Our heartiest congratulations to contributor Edith Pearlman, who won the National Book Critics Circle award last week for her story collection Binocular Vision (Lookout Books, 2011), which was also a nominee for the National Book Award (the only fiction nominee to be on both lists) and won the PEN/Malamud prize for short fiction. Pearlman is the author of three other story collections, and she’s published more than 250 pieces of prose. Her award is long overdue.

We’re honored to have published her work five times, most recently “Life Lessons” in our latest issue, 8.2. We posted a sneak preview of that story here, and you can see her comments on it here.

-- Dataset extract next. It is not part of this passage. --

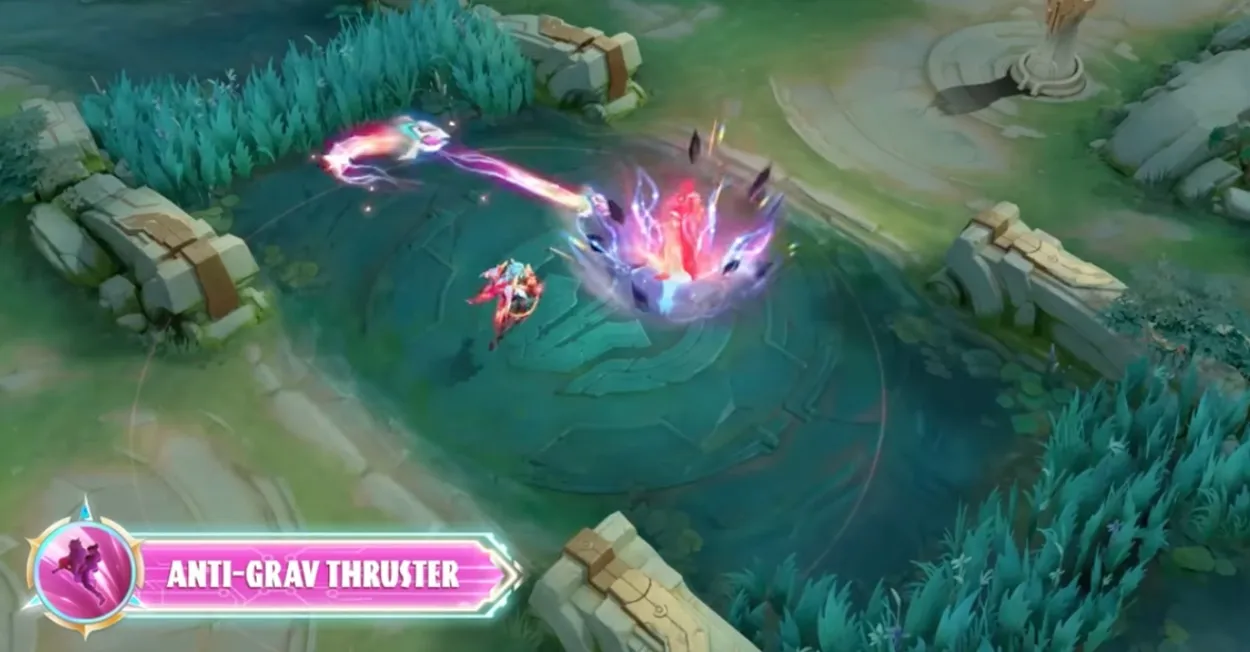Kimmy’s Anti Grav Thruster looks like she is firing literal cosmic meteorites at the enemy which will blow them apart.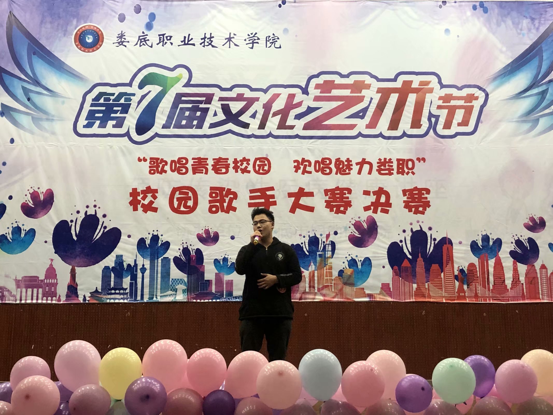 为了提高学生的综合素质,丰富课余生活,体现学校丰富多彩的文化内涵,展现新一代大学生蓬勃向上的精神风貌,营造清新文明的校园文化氛围。 2019年11月21日晚,由湖南娄底职业技术学院团学委举办的“ 第七届文化艺术节”歌手大赛在新培训楼102隆重举行,娄职艺术团团长刘轶中,文化传播学院副教授杨翰儒、校宣传部副部长副教授张波作为评委出席了本次活动。

In honor of her win, we wanted to repost comments Pearlman sent us when we asked about her story “Hearts and Flowers” in Issue 7.1 (Summer 2010):

“I would like to promote writing as an amateur enterprise. There are very few artistic endeavors and sports that do not have an amateur component—think of painting, singing, theatricals; think of tennis and soccer and baseball. There are opera companies that are  largely amateur; there are amateur architects. Writing as a hobby can be taken up as seriously as writing as a profession. The craft can be studied, practiced, and mastered for the pleasure of only a few readers, just as the amateur pianist has only a household audience and the tennis player no audience at all. A few readers? I am happy with one—that is to say, all my writing is directed toward a single ideal reader, literate, leisured, interested in being interested. When I think I have satisfied him, I myself am satisfied.”

It looks like she’s found many of those ideal readers! Congratulations, Edith!